● Your assignment:
In the answer, transcribe exactly the lines from the beginning of the material through the line holding "СЕМЕЙ МЕМЛЕКЕТТІК МЕДИЦИНА", and skip every picture.

● Record set:
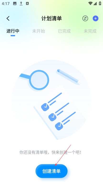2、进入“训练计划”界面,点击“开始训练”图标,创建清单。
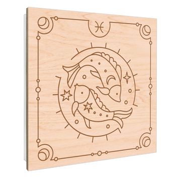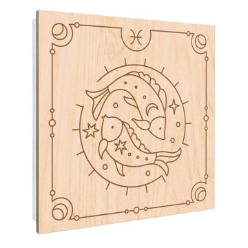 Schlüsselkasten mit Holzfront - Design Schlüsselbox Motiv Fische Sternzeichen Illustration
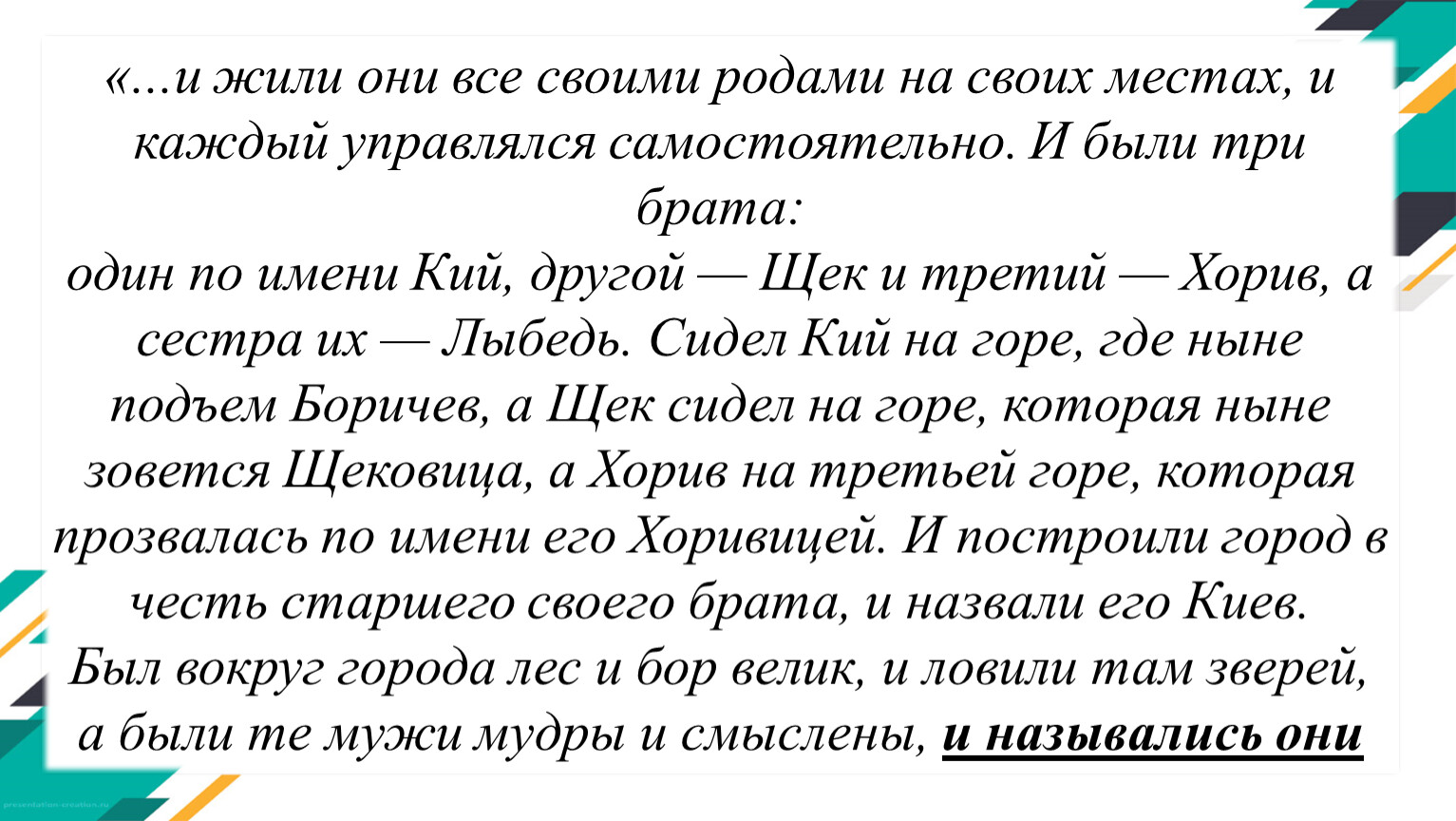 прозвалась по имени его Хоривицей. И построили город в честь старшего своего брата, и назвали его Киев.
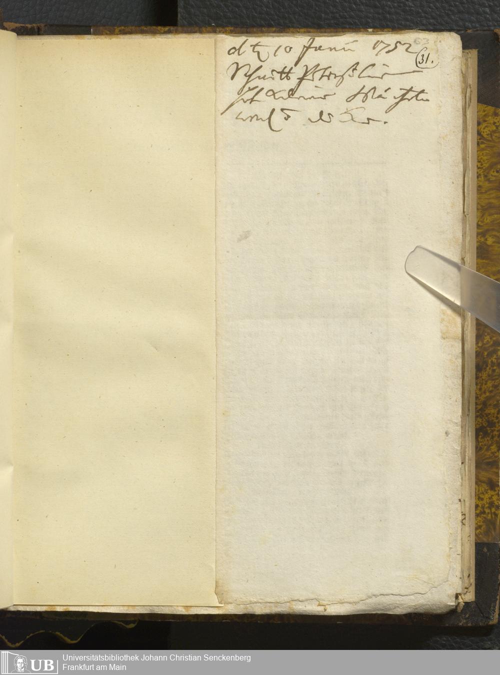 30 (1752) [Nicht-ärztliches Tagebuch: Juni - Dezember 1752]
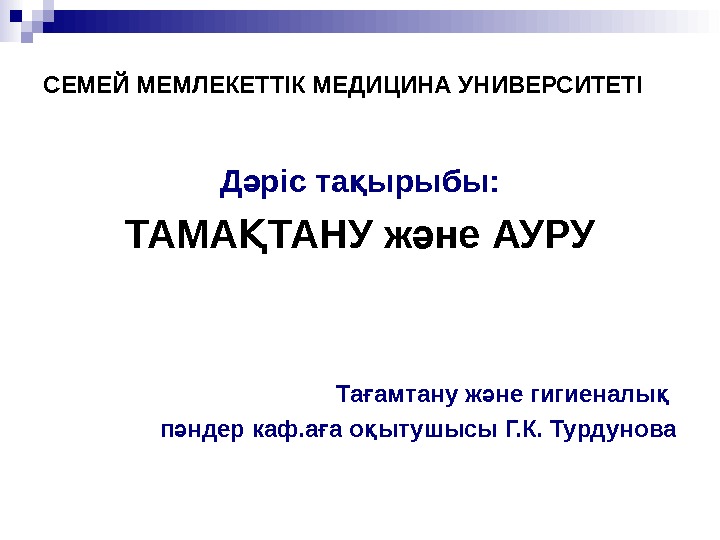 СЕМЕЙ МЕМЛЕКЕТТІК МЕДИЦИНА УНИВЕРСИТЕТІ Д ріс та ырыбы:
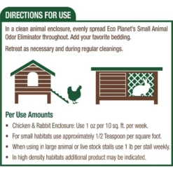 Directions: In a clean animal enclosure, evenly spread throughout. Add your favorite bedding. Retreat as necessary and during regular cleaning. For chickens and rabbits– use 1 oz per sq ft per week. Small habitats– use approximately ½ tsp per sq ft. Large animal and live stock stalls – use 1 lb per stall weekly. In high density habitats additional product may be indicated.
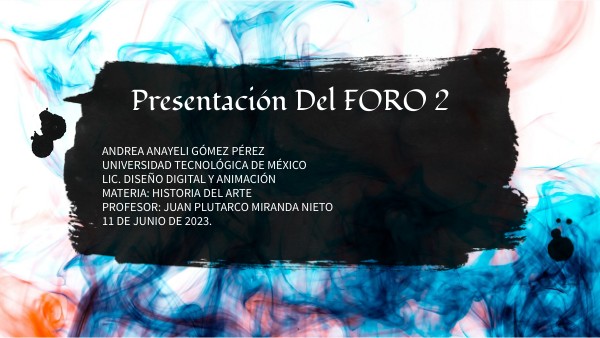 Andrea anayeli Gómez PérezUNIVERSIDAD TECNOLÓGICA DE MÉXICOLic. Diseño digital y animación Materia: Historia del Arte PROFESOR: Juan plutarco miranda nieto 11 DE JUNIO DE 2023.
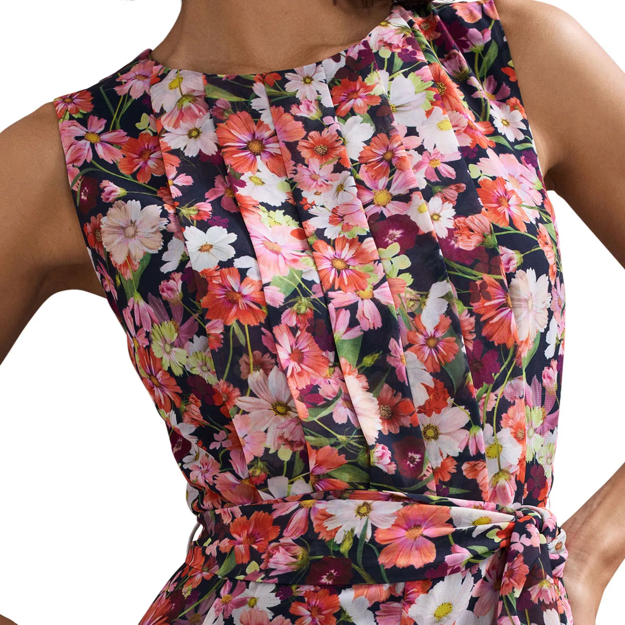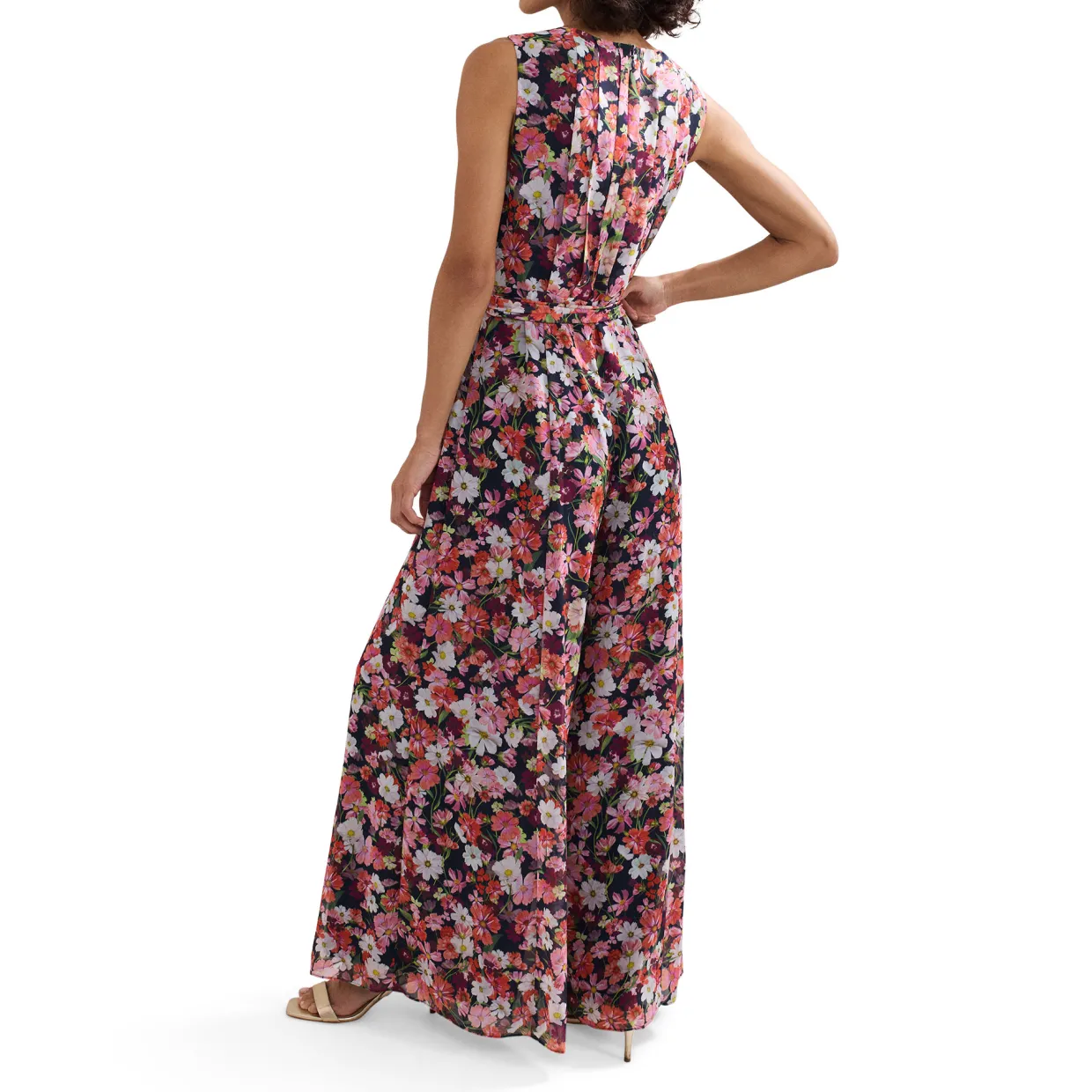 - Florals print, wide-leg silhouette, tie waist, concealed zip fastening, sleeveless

● Exercise result:
2、进入“训练计划”界面,点击“开始训练”图标,创建清单。
 Schlüsselkasten mit Holzfront - Design Schlüsselbox Motiv Fische Sternzeichen Illustration
 прозвалась по имени его Хоривицей. И построили город в честь старшего своего брата, и назвали его Киев.
 30 (1752) [Nicht-ärztliches Tagebuch: Juni - Dezember 1752]
 СЕМЕЙ МЕМЛЕКЕТТІК МЕДИЦИНА УНИВЕРСИТЕТІ Д ріс та ырыбы:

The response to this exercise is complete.